Since the beam is in equilibrium, we apply the two conditions of equilibrium.

∑F = 0 and ∑τ = 0

Now consider the forces on the beam. There are two normal reactions from the two supports, R_A and R_B, acting upward, weight of the beam W acting downward and weight of the suspended load, say W₁, which is also acting down. The first condition of the equilibrium implies that the upward forces must be equal to the downward force.

R_A + R_B = W + W₁

Now mass of the girder = 450 kg ⇒ Weight of the girder, W = 450 × 9.8 = 4410 N

Similarly, mass of the load = 220 kg ⇒ Weight of the load, W₁ = 220 × 9.8 = 2156 N

Upward forces, R_A and R_B are not known and to be determined.
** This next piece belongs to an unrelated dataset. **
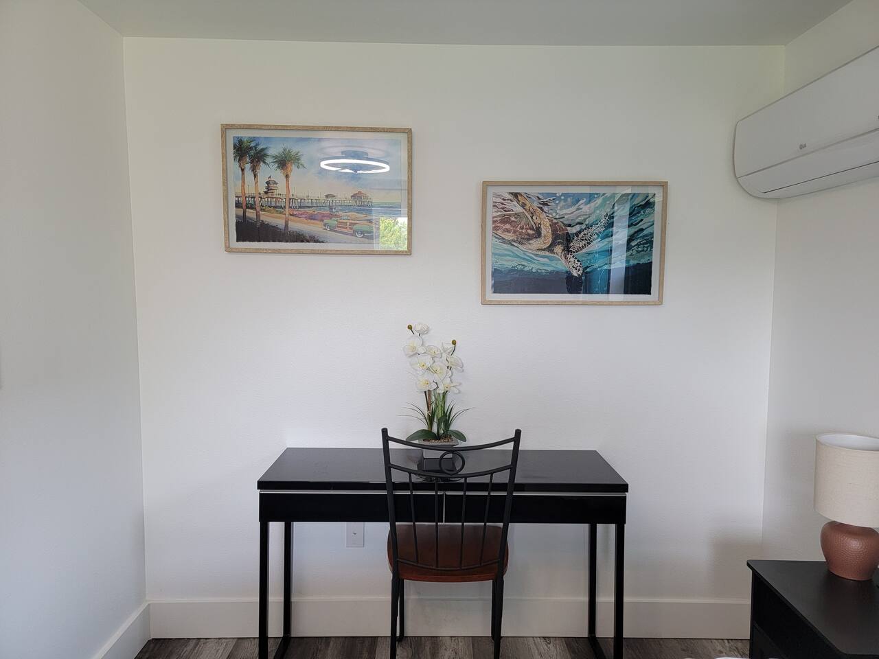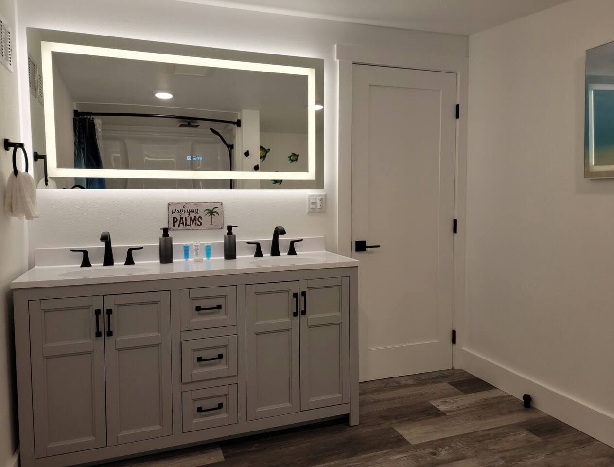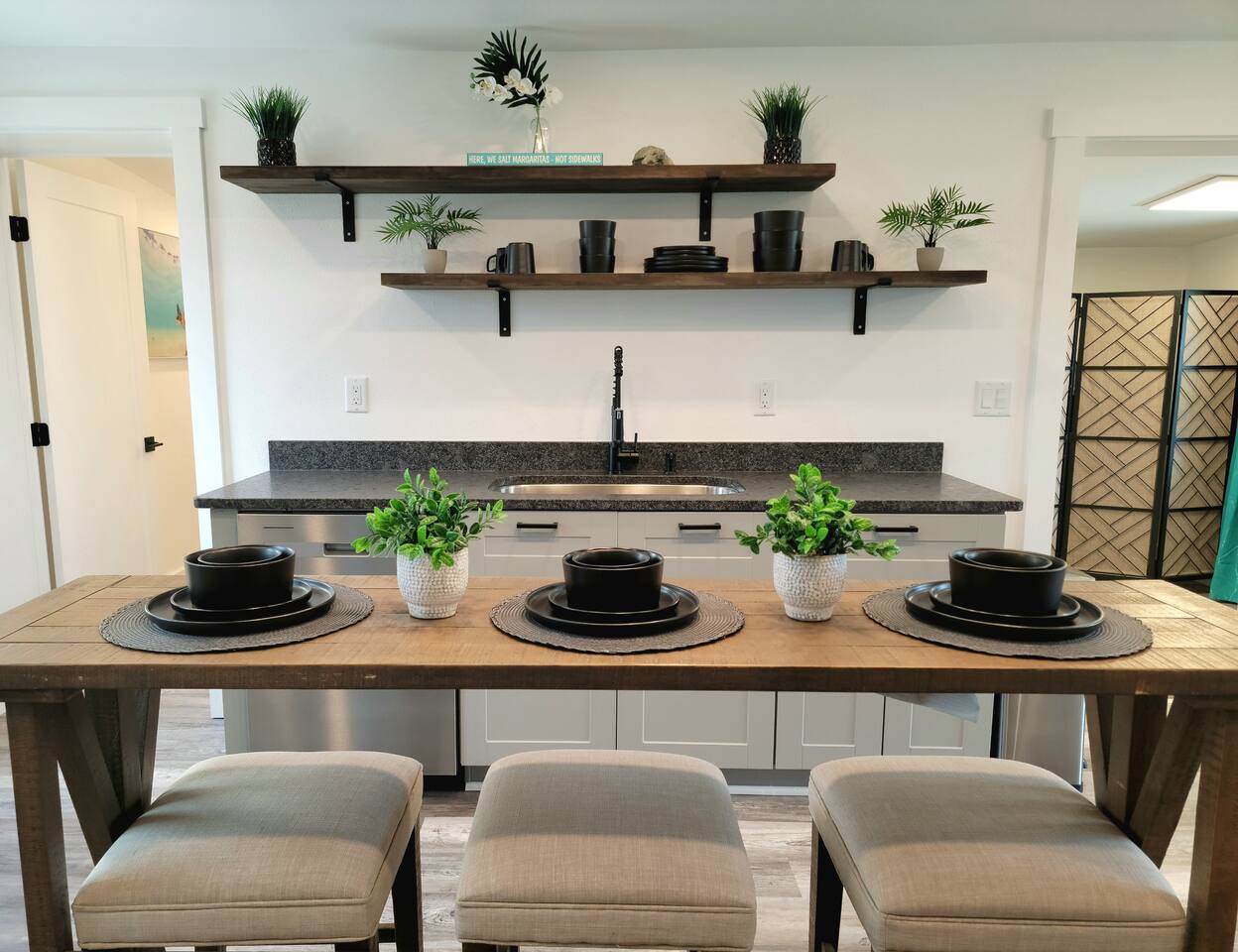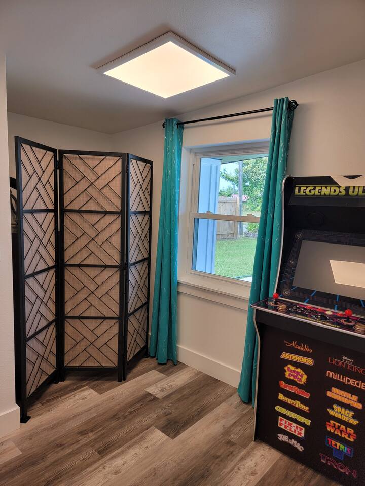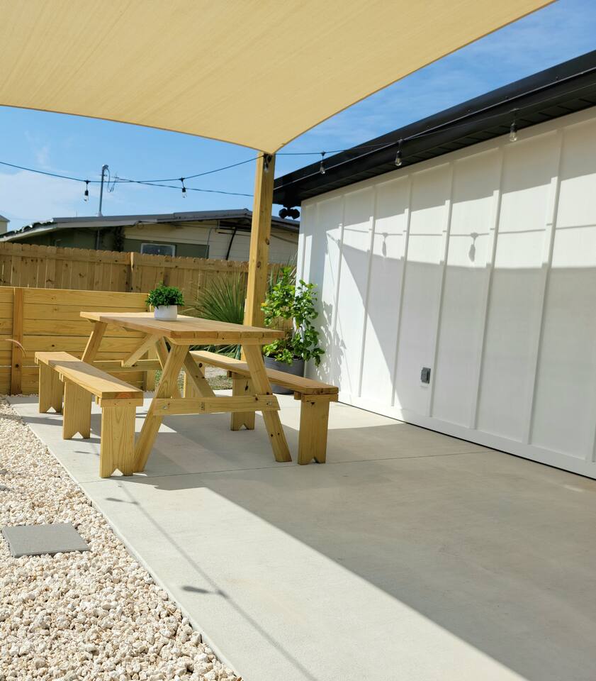 🐢 Turtle Cove Beach Retreat – ⭐ Modern Coastal Cottage in Panama City! 🏡 As You Arrive • Eye-catching modern beach cottage with black, grey, and teal accents • Hand-crafted sea turtle shutters add a local, artistic flair • Lush landscaping with flowers and shrubs creates a welcoming vibe • Ample driveway parking for you and your guests 🛋️ Living Room Open-concept layout flowing into the kitchen • 65" Smart TV and cozy gray sectional with queen memory foam pull-out bed • Large window for natural light and front yard views • Dedicated temperature control for comfort • Decorated with indoor plants and beachy accents 🍽️ Kitchen • Modern with black brushed granite countertops and stainless steel Whirlpool appliances • Unique surfboard light fixture adds coastal character • Chop block floating shelves for storage • Fully stocked for all your cooking needs — from spices to cookware 🛏️ Master Bedroom • Cozy and stylish with a queen memory foam mattress • 50" Smart TV and small work desk • Private temperature control • Decorated with turtle & beach-themed art 🛏️ Guest Bedroom • Two beds, one full and one Twin bed Both have very comfy mattresses • 50" Smart TV with HBO Max included • Private temperature control • Serene turtle and beach decor 🛁 Bathroom • Spacious with a double vanity and modern rain shower & soaking tub • Sleek black fixtures and touch-screen lighted mirror • Recessed lighting and turtle-themed details for a spa-like feel 🧺 Laundry Room & Game Space • Equipped with Samsung front-load washer & dryer • Bonus: Retro arcade machine with 300+ classic games for 1–2 players 🍴 Outdoor Dining Area • Shaded by a sun sail, surrounded by natural greenery and stone • Handmade picnic table under string lights • Propane grill for unforgettable meals 🔥 Outdoor Fireplace • Stone path leads to a cozy firepit with bench seating • Surrounded by privacy fencing for a secluded oasis 🐚 Modern Touches & Local Charm • Thoughtfully designed with modern beach cottage style • Sea turtle theme runs throughout for a fun, local vibe • The perfect escape for relaxation, connection, and memories 📅 Ready to book? Come relax, reset, and enjoy a one-of-a-kind stay at Turtle Cove

However, for equilibrium,

R_A + R_B = 4410 + 2156 = 6566 N           …          (A)

Now apply the second condition of equilibrium, considering point B to be the pivot. R_A is producing clockwise torque = 8 × R_A and W and W₁ are producing counterclockwise torques 4W and 2.4W₁, respectively. Here, 4 m and 2.4 m are the distances of W and W₁ from the pivot point A, respectively.

8R_A = 4W + 2.4W₁. Put the values of W and W₁ from the above equations,

8R_A = 4 × 4410 + 2.4 × 2156 ⇒ 8R_A = 17640 + 5174.4 = 22814.4 N

⇒ R_A = 22814.4/8 ⇒ R_A = 2851.8 N         …          (X)

Now put this value of R_A in equation (A),

2851.8 + R_B = 6566 ⇒ R_B = 6566 – 2851.8 = 3714.2 N          …           (Y)

Equations (X) and (Y) give the respective reactions of the supports.